VLG extractor

Overview

This software extracts the image descriptors described in:

  1. Efficient Object Category Recognition Using Classemes, Lorenzo Torresani, Martin Szummer and
    Andrew Fitzgibbon, ECCV 2010.

    The software supports the real-valued version (11 Kbytes/image) as well as the more compact
    binary version (333 bytes/image).

  2. PiCoDes: Learning a Compact Code for Novel-Category Recognition, Alessandro Bergamo, Lorenzo Torresani, Andrew Fitzgibbon, NIPS 2011
    The software supports the 128bit, 1024bit and 2048bit versions.

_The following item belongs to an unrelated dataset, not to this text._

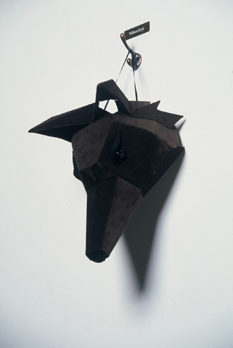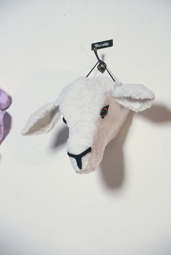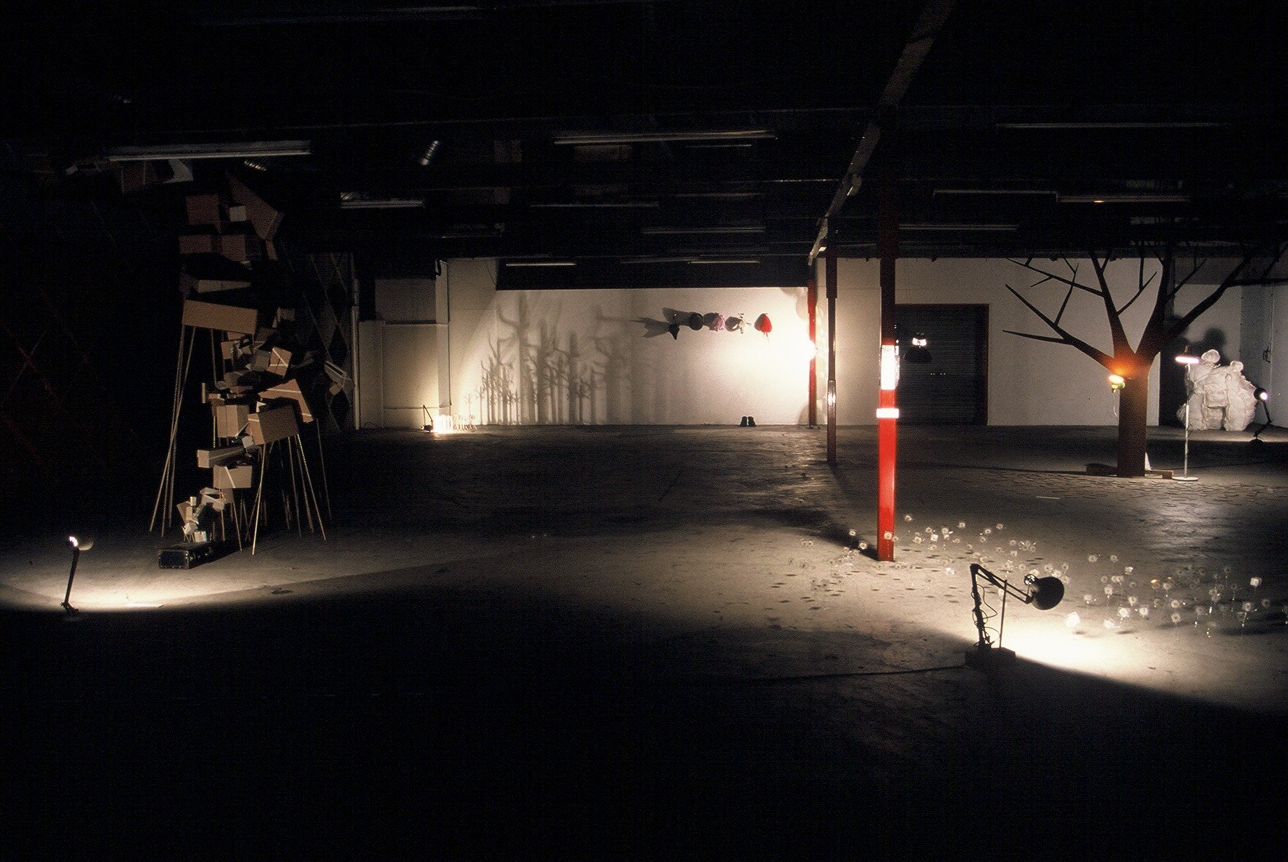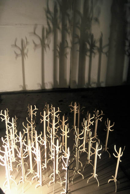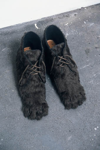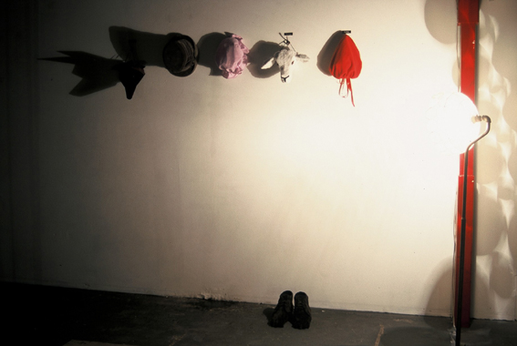 Further Doings, Downtown Art Space …the woods today, fabric, thread, fixings, cardboard, boots, lamp, dimensions variable, 2003 Photographs by Mick Bradley

  3. Meta-Class Features for Large-Scale Object Categorization on a Budget”,
    Alessandro Bergamo, Lorenzo Torresani, CVPR 2012.
    The software supports the mc and mc-bit versions.


The software supports several images types (Jpeg, Png, Tiff, and others) and it is available for Microsoft Windows, GNU/Linux and Mac OSX.

We exploit explicit features maps approximating the intersection kernel [2] to efficiently evaluate the non-linear kernels used by classemes, resulting in a descriptor extraction that takes about 2 sec per image.


If you use this code for a publication, we ask that you cite any of the three above papers, depending on which descriptor you use.

Software

Checkout the source code on GitHub!

Acknowledgment

This material is based upon work supported by the National Science Foundation under CAREER award IIS-0952943. Any opinions, findings and conclusions or recommendations expressed in this material are those of the author(s) and do not necessarily reflect the views of the National Science Foundation (NSF).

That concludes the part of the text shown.